For nearly 24 years, I have had the privilege of supporting Maine’s small business community — the business owners who have poured their lives, hearts, savings, and innumerable hours into building the storefronts Maine takes pride in.

As the president and CEO of the Mid-Maine Chamber of Commerce representing approximately 650 businesses and 23 communities, I have seen firsthand what it takes to grow a business and our state and how faulty policymaking, however well-intended, developed in our capital can prevent them from thriving.

Business owners operate on thin margins in Maine. Our state government levies one of the highest corporate tax rates of any state, putting our businesses at a competitive disadvantage relative to other states in the region. Competing in this environment is already difficult enough.

However, lawmakers in Augusta have continued to add to these difficulties by advancing regulations that add to a mountain of red tape that has skyrocketed compliance costs.

For small businesses, the combined expenses of the tax burden and complying with federal and state regulations can be overbearing.

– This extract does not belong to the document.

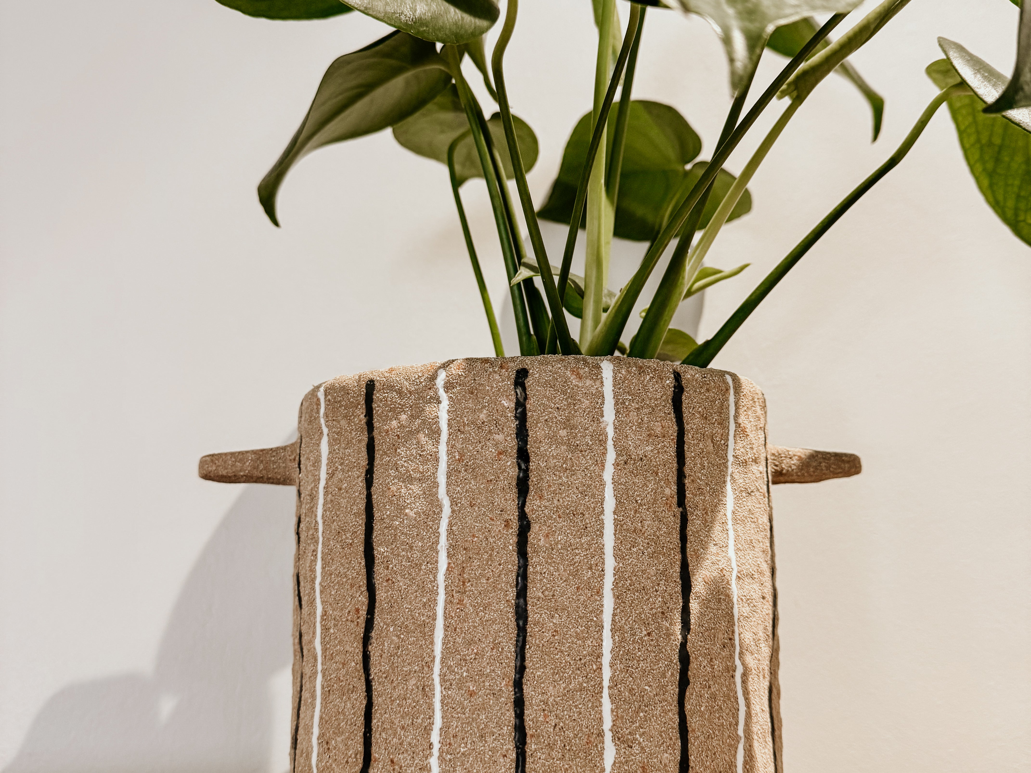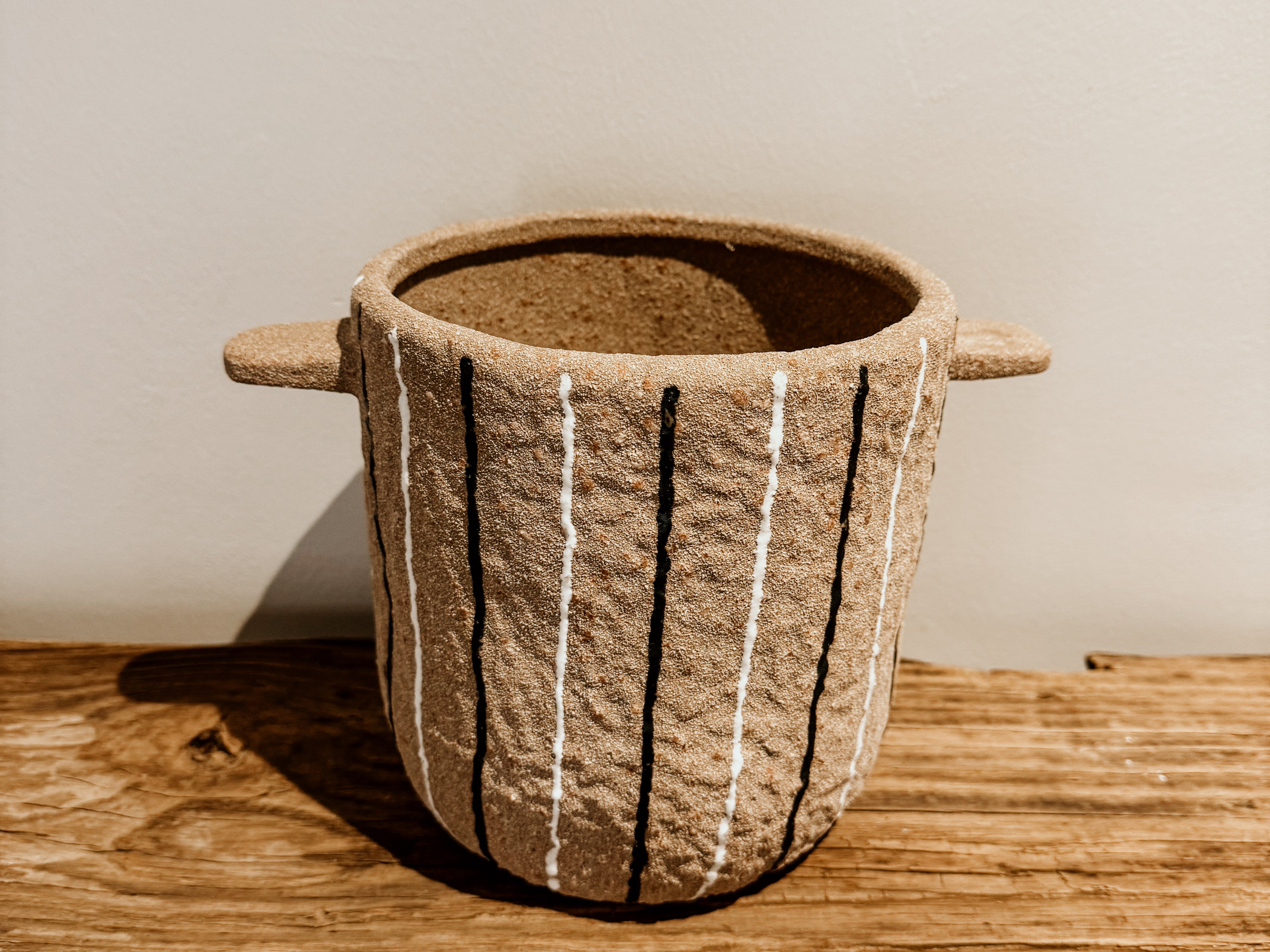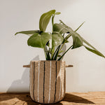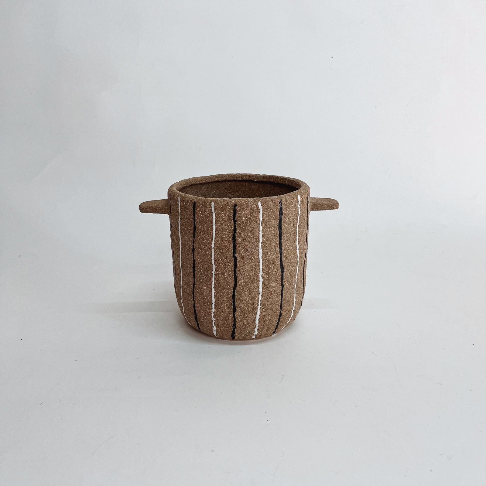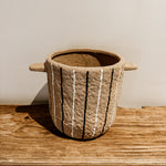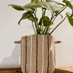 This terracotta pot, featuring bold white and black stripes, brings a rustic yet modern touch to any space. Its warm terracotta base paired with striking stripes makes it a standout décor piece, while the practical handles add both style and functionality. Perfect for plants or as a decorative accent, this pot adds character and warmth to your home.

With that in mind, one might think that our state’s lawmakers would make every effort to ease these costs and obstacles. However, the legislation currently being debated in the State House is far from a reprieve.

Last year, we saw the introduction and eventual failure of a wide-reaching data privacy bill, serving as another clear case of good intentions matched by poor execution. The bill would have introduced some of the strictest measures on businesses of every size, severely damaging their ability to market online and compete with larger corporations while opening them up to costly lawsuits.

While a host of dedicated data privacy bills are moving toward introduction this session, in the meantime lawmakers have instead advanced a damaging standalone element — a private right of action. Should it pass, LD 194 would leave business owners liable to lawsuits filed under the Maine Unfair Trade Practices Act. While seemingly innocuous, it could empower future data privacy legislation to put a new strain on small business owners to endure drawn-out legal battles over their digital marketing and advertising practices.

Maine’s business community already struggles with the financial burdens of compliance. Adding a private right to action could force them to divert more resources away from innovating and improving operations for our state’s consumers while harming their ability to compete.

Rather than pass another piece of legislation that may shutter doors and force businesses, talent, and capital out of the state, we must use this legislative session to find ways to ease the costs and regulatory roadblocks placed in their way. Only then can we build the diversified and option-rich economy Mainers can enjoy for generations to come.